8 Felipe le dijo: Señor, muéstranos el Padre, y nos basta. 9 Jesús le dijo: ¿Hace tanto tiempo que estoy con vosotros, y no me has conocido, Felipe? El que me ha visto a mí, ha visto al Padre; ¿cómo, pues, dices tú: Muéstranos el Padre? 10 ¿No crees que yo estoy en el Padre, y el Padre en mí? Las palabras que yo os hablo, no las hablo por mi propia cuenta, sino que el Padre que mora en mí, él hace las obras. 11 Creedme que yo estoy en el Padre, y el Padre en mí; de otra manera, creedme por las mismas obras.

12 De cierto, de cierto os digo: El que en mí cree, las obras que yo hago, él las hará también; y aun mayores hará, porque yo voy al Padre. 13 Y todo lo que pidiereis al Padre en mi nombre, lo haré, para que el Padre sea glorificado en el Hijo. 14 Si algo pidiereis en mi nombre, yo lo haré.

Miles y miles de peticiones se han realizado desde el mal entendimiento de este mensaje, y miles y miles de peticiones no han sido respondidas pues no se entiende el verdadero mensaje.
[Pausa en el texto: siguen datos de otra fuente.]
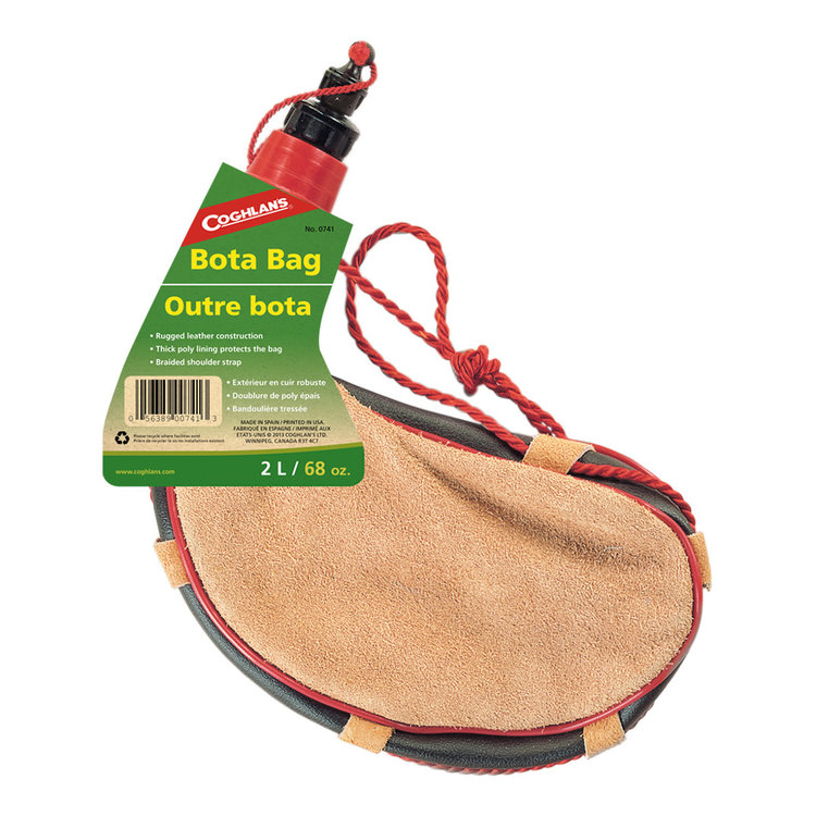 Fashioned after traditional Spanish wine skins, Coghlan's is made with a rugged leather exterior and features a heavy poly lining with a braided shoulder strap for comfort and convenience. Capacity: 0.53 U.S. gal. (2 L)
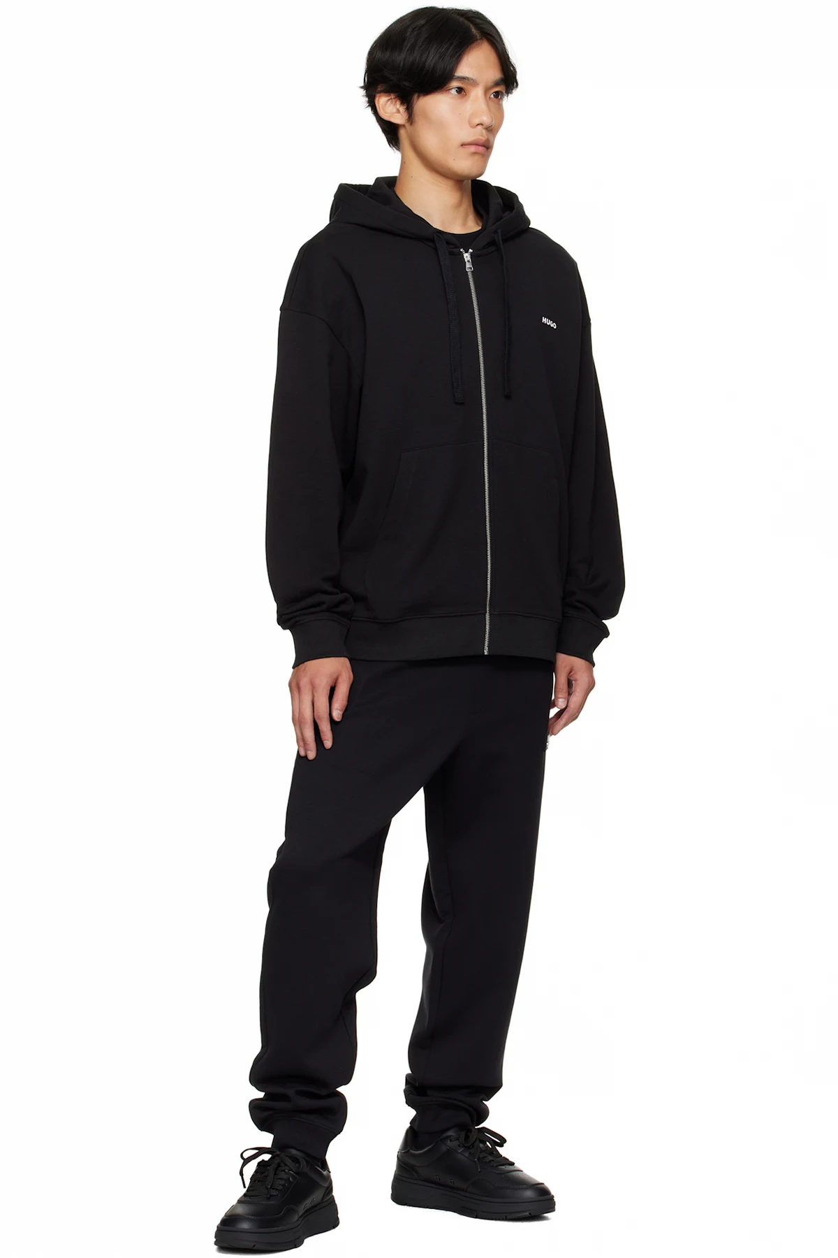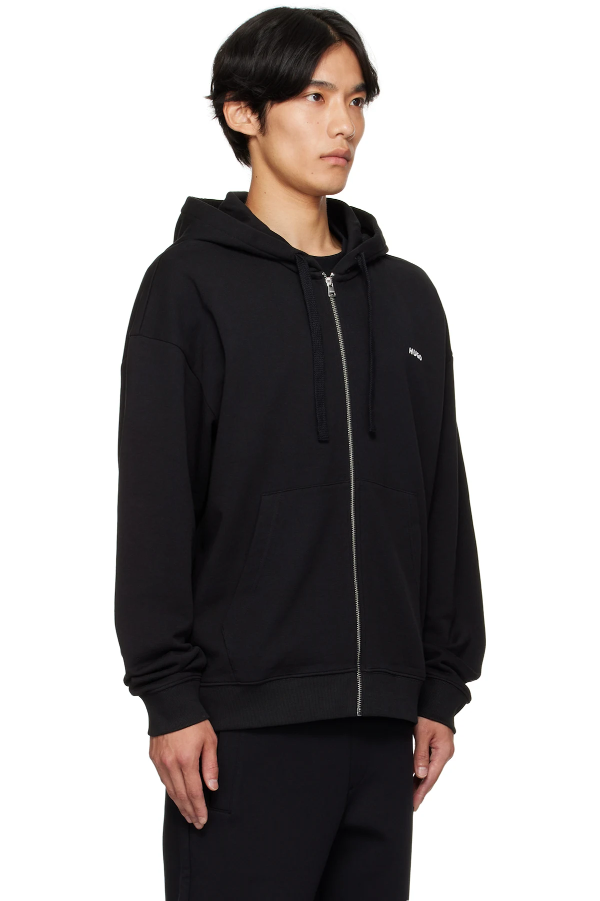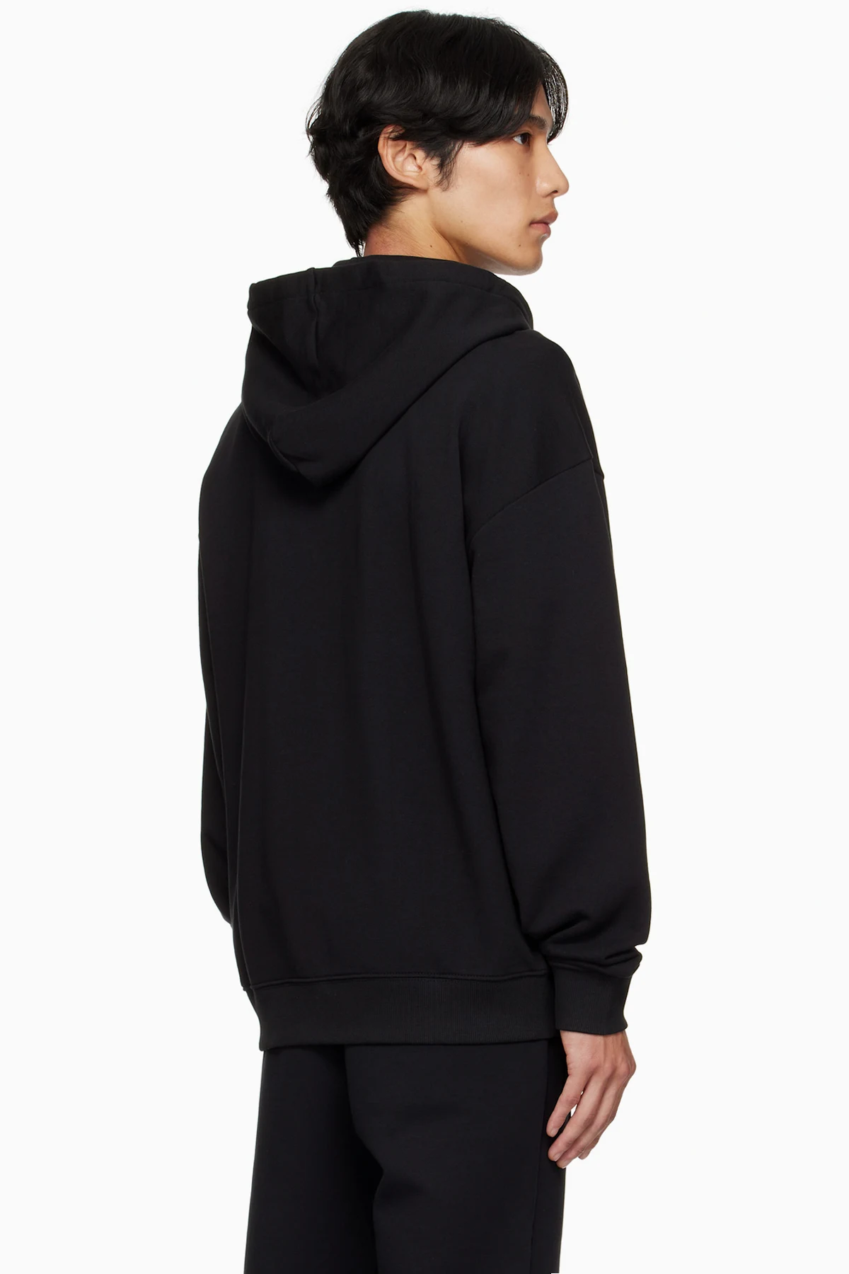 Black Relaxed-Fit Cotton Terry Zip-Up Hoodie

Claro y evidente es que todo aquello que genera duda o miedo fácilmente se apodera de la mente y del sentir de todo aquel que no sabe pedir en su nombre. Pues si todo lo bueno que deseas ya hubiese sido pedido en su nombre no habría nada externo que pudiera entrar y arrebatarte lo que ya eres. Tiempo presente: todo lo que pidas al Padre en mi nombre.
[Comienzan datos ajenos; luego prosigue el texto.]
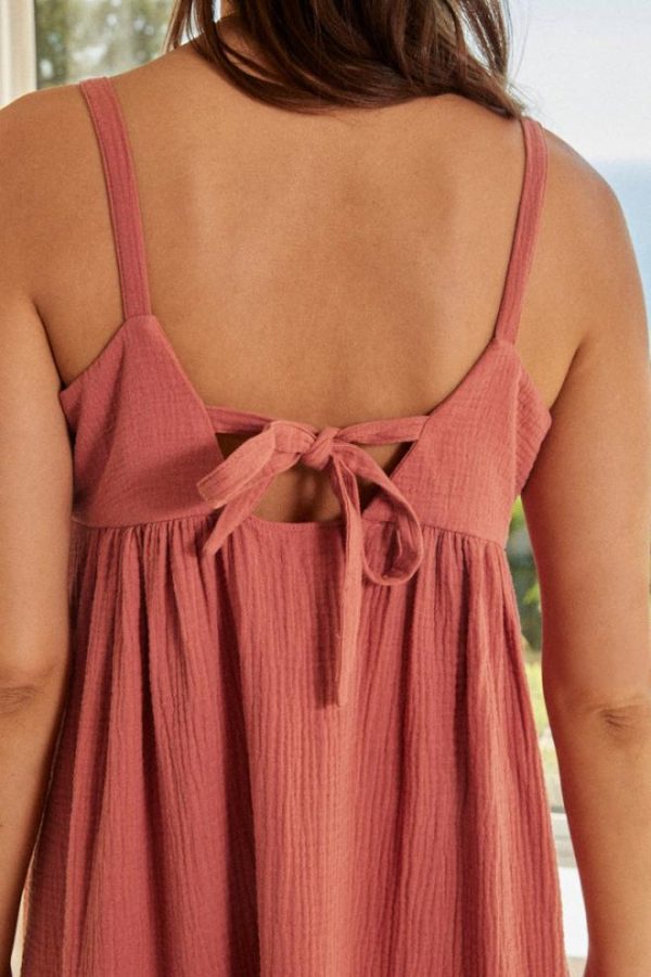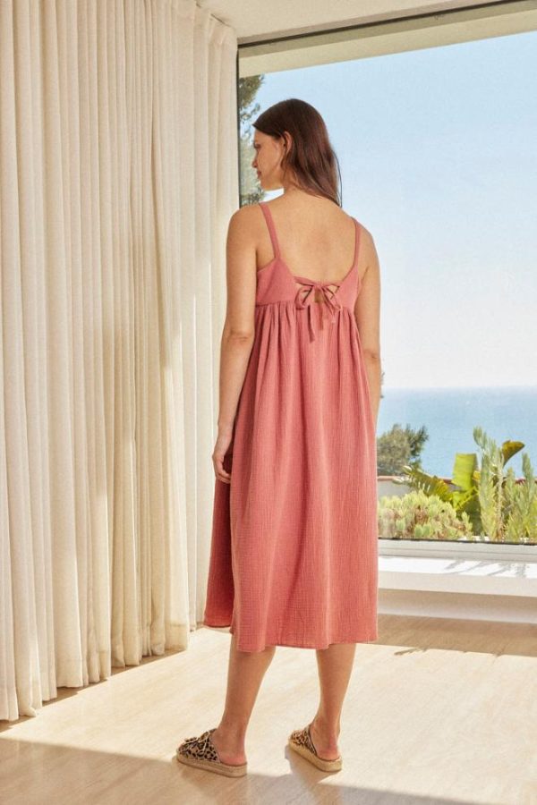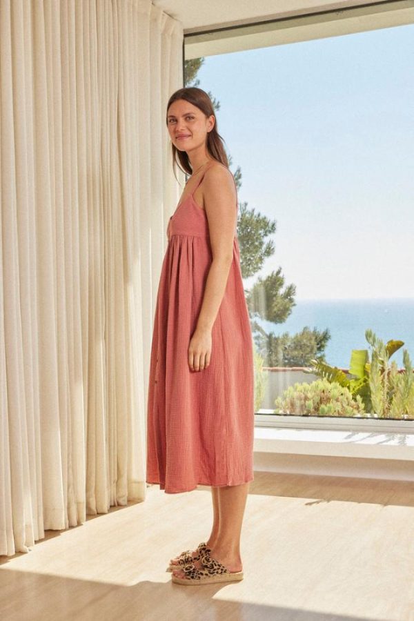 La robe Samba brique a tout pour plaire : un lien à nouer dans le dos pour orner votre dos nu et une jolie patte de boutonnage.

Para aquel que aún desconoce su poder interno se le hace muy difícil sino que imposible, mantener un deseo sin que sea distraído por la realidad de sus cinco sentidos. Me he dado cuenta que la mayoría ni siquiera se atreve a desear debido a que sus creencias limitantes les atan a una idea de virtud falsa. Por ende, si no saben definir un deseo despegándose de sus creencias limitantes y prejuicios morales, mucho menos sabrán que el sentimiento presente es la orden emitida a Dios, ignorando de igual manera que ese Cristo interno mediador es el camino, la verdad y la vida para que ese sentimiento de lo que se desea, sea creado y mantenido sin que la realidad de los cinco sentidos influya en lo más mínimo. Es de ahí la importancia de pedir y creer como él mismo permite que lo hagas. Pedir en su nombre se refiere a asumir el estado deseado como si ya fuera la única realidad existente en ti, cuando lo logras has glorificado al Dios que vive en ti, pues verás como inevitablemente esa realidad subjetiva llega a objetivarse, y serás recompensado en público, Mateo 6:6.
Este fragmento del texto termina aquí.